Pendant les témoignages de dix minutes qui se succèdent dans toutes les langues, les juges prennent des notes. Puis demandent de préciser tel ou tel point. Parfois, ils peinent à prononcer le mot « glyphosate ». Ils ne sont ni spécialistes du sujet ni militants. Souvent, l’assemblée applaudit - elle est composée, elle, de nombreux militants -, obligeant la présidente de la cour à plusieurs rappels à l’ordre, « pour conserver le sérieux et la dignité de la séance ».

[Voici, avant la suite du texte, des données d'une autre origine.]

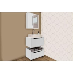 Gabinete de Banheiro Suspenso c/ Rodizio BN3647 s/ Cuba c/ 1 Gaveta 60cm Branco - Tecno Mobili
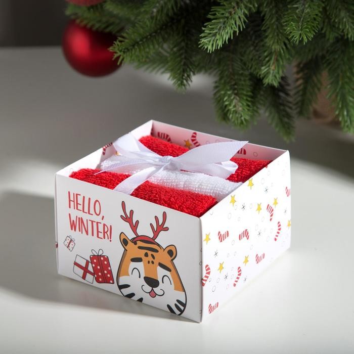 Новогодние полотенца (подарочный набор 3 шт.) Этель Hello winter 30×30 см, хлопок 340гр/м2
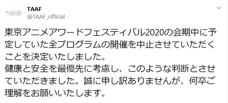 도쿄 애니메이션 어워드 페스티벌 2020, 모든 프로그램이 중지된다는 발표가 나왔네요.
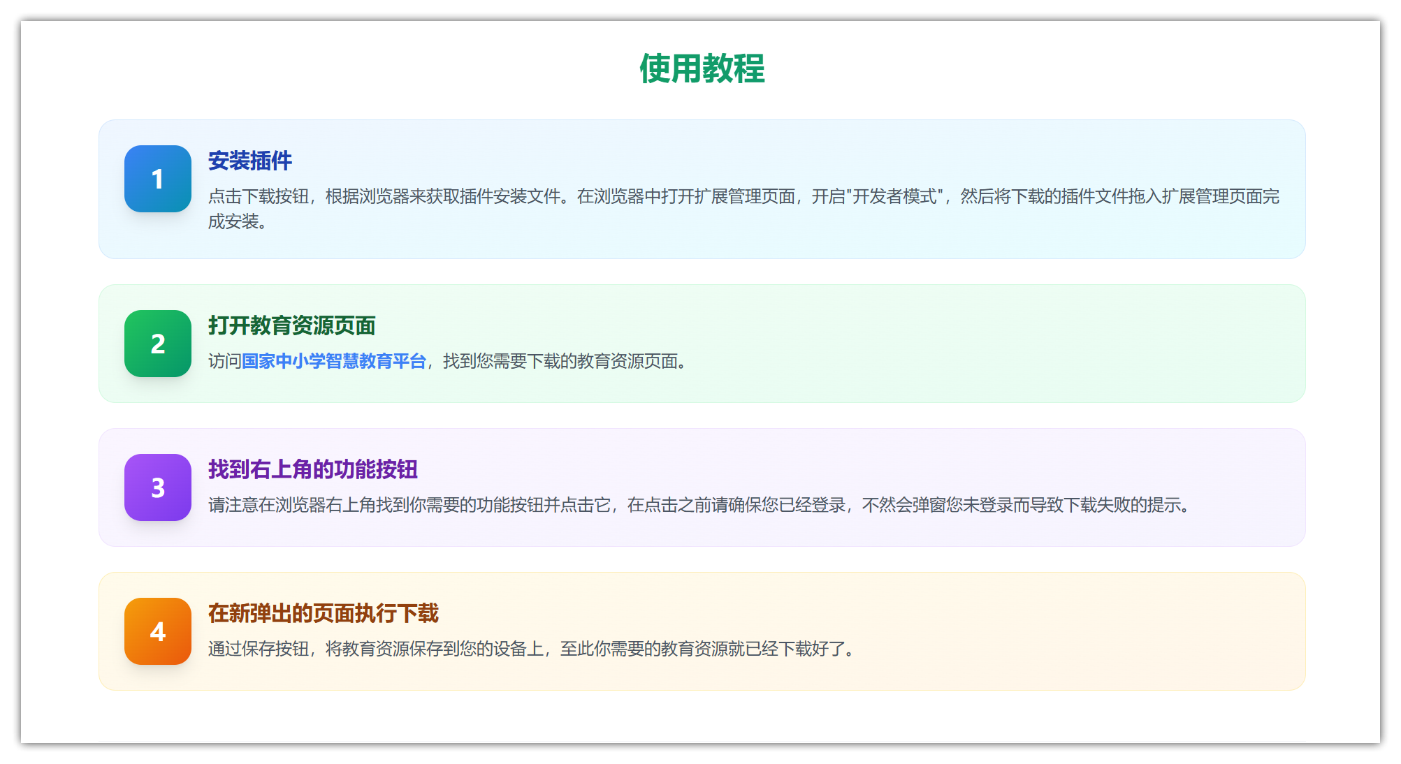 插件会自动检测更新并提示您安装。您也可以手动检查更新:在浏览器扩展管理页面找到”小源-电子教材下载助手”,点击”更新”按钮即可。建议保持插件为最新版本以获得最佳体验。
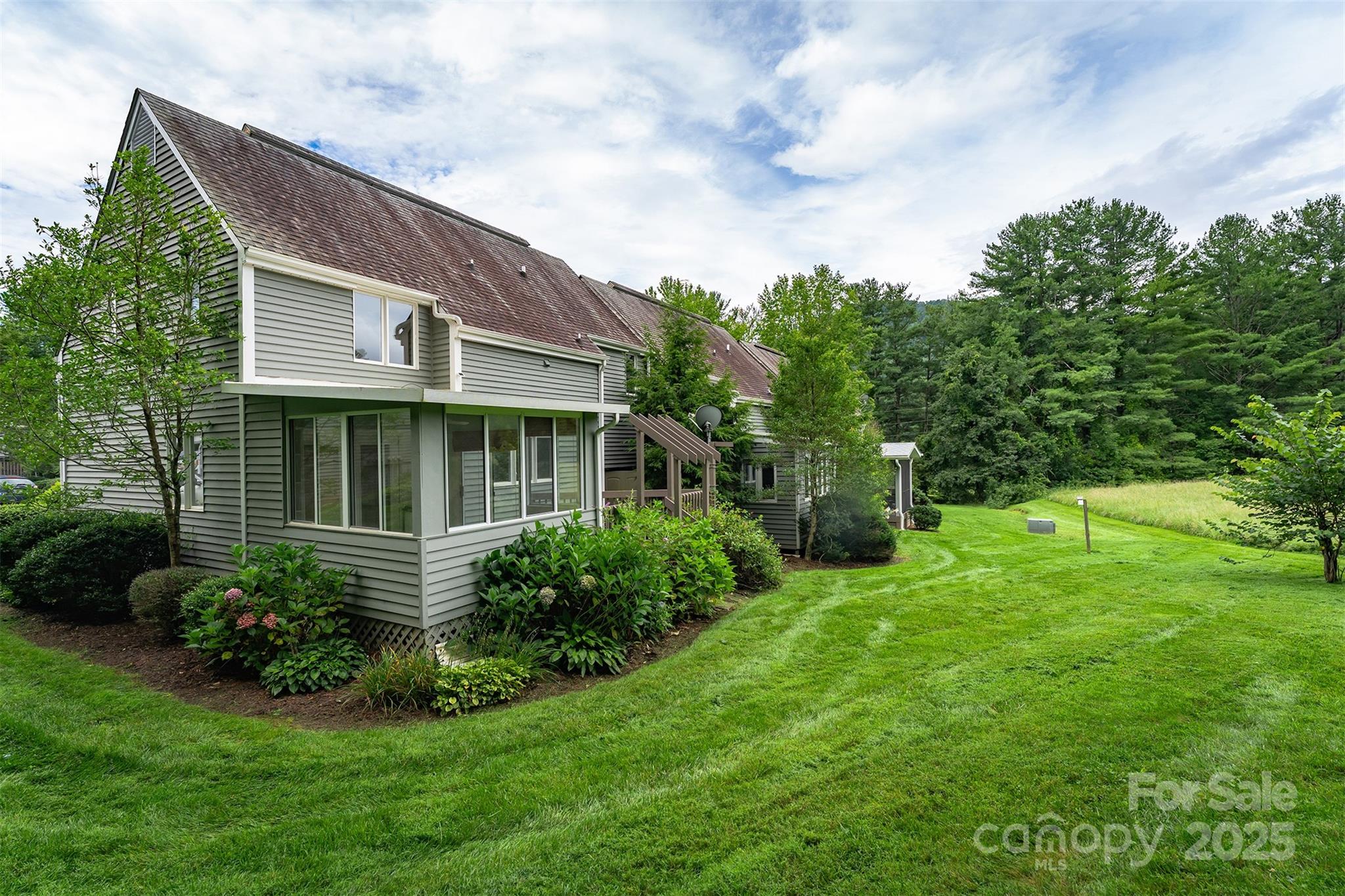 You must see this light-filled, two-story condo at The Lynx Condominiums. This end unit offers excellent privacy and features year-round mountain views, making it a truly desirable location. It's conveniently situated near the Black Mountain Golf Course and provides easy access to downtown Historic Black Mountain's restaurants and shops. The condominium complex includes a clubhouse and an outdoor pool, adding to the amenities available to residents. The unit itself boasts a sunroom with lovely views and is surrounded by well maintained landscaping and green space. For added convenience, the primary bedroom and laundry facilities are located on the main floor. Also, don't miss the extra storage under the stairs and in the upper bathroom. Please note that this unit does require some TLC to bring out its full potential. The seller is offering a $10,000 CREDIT at closing for improvements like new flooring and paint, with an accepted offer.
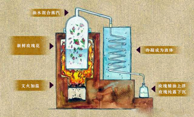 玫瑰花與水按14投入蒸鍋內(nèi),先用間接蒸氣加熱。溫度上升到70-80C時,通入直按蒸氣加熱到沸騰,約用30-40分鐘,維續(xù)蒸餾2.5-3小時,控制流出液是為花重的1-2倍,蒸餾速度為蒸誤容積的8-10%控制冷卻水量,使流出液頭半小時溫度控制在28-35℃,半小時后*度控制在40-45℃,一般不超過50C。流出液經(jīng)油水 K 分離器將玫瑰油與玫瑰油飽和蒸餡水分開,取出玫瑰油,飽和蒸餾水由油水分高器在高差作用下流入復(fù)榴柱,在蒸鍋上升的蒸氣的作用下進行加熱復(fù)餾,再經(jīng)冷凝器回到油水分離器,這樣反復(fù)蒸餾、復(fù)餾技術(shù)要點
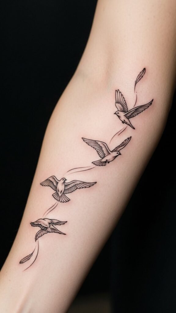 This tattoo design captures the essence of freedom and self-discovery, with the birds representing the desire to break boundaries and chase aspirations.
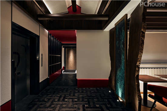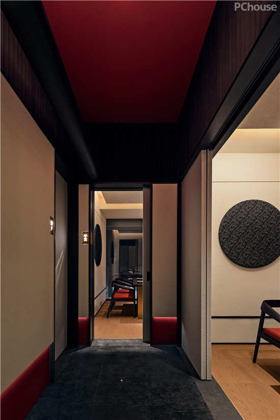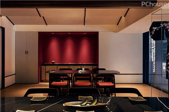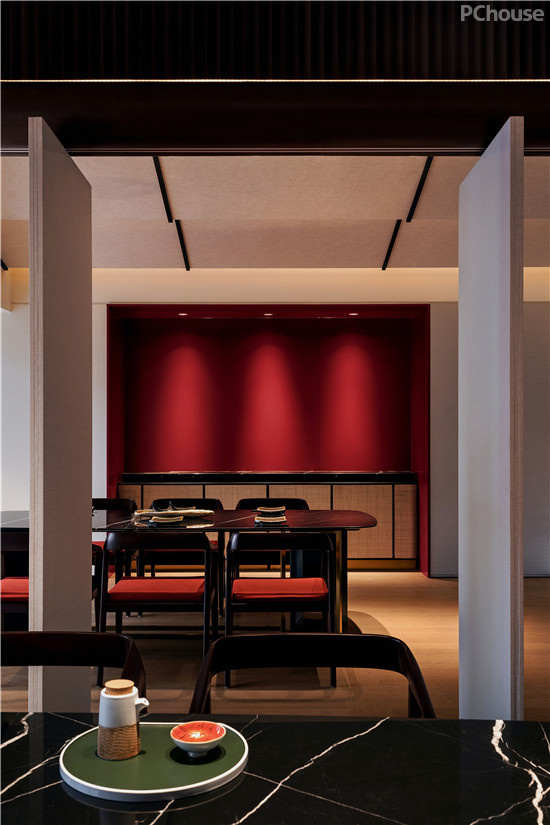 “我个人最喜欢日本红,起初考虑以点缀方式融入空间,但大面积红色的大胆使用,克制铺陈,使其成为空间的重要线索,反而契合了尊重文化本身的思路。”得德设计主理人沙龙特别感慨,也庆幸理念能得到业主的认可,最终呈现也获得了意想不到的妙趣。无论是天花屋梁造型两侧的墙面点缀,墙面脚踏线的反复咏叹,还是重彩的背景色,家私中的那抹红,都恰如其分地游走于留白与简素中,浓淡相宜,相映成趣。

Damián Verzeñassi, un docteur en santé publique argentin qui a mené une vaste enquête épidémiologique dans son pays, atteste à la barre d’une hausse spectaculaire des cancers, fausses couches et malformations congénitales. Entre 2010 et 2014, ces dernières concernaient 17,9 naissances sur 1 000, contre 8,8 sur 1 000 entre 2000 et 2004. « La majorité des malformations touchent la ligne médiane du corps », observe-t-il, citant les effets du glyphosate, qui interdit l’expression normale de gènes permettant la constitution de notre morphologie. Les mêmes malformations qui touchent Théo, Martina, les amphibiens du professeur Carrasco… Ou les porcelets d’un éleveur danois venu lui aussi témoigner, photos à l’appui, où l’on voit des animaux nés avec des moignons en guise de pattes, sans anus, sans yeux ou avec deux têtes.

Devant les juges, défilent encore apiculteurs mayas, agriculteurs australiens, burkinabés, indiens ou canadiens, tous très remontés contre Monsanto, accusée de « collusion » avec des gouvernements qui protégeraient davantage les intérêts privés que leurs citoyens. Seuls les Sri Lankais ont réussi à obtenir l’interdiction du glyphosate dans leur pays après la mise en lumière du lien entre le produit et une épidémie de maladie rénale responsable de la mort de 24 800 producteurs de riz entre 1994 et 2014.

La cour ne rendra pas son verdict avant décembre. Le petit Théo, lui, n’attendra pas jusque-là pour subir sa 51e opération. Ce sera ce jeudi, à l’hôpital Necker à Paris.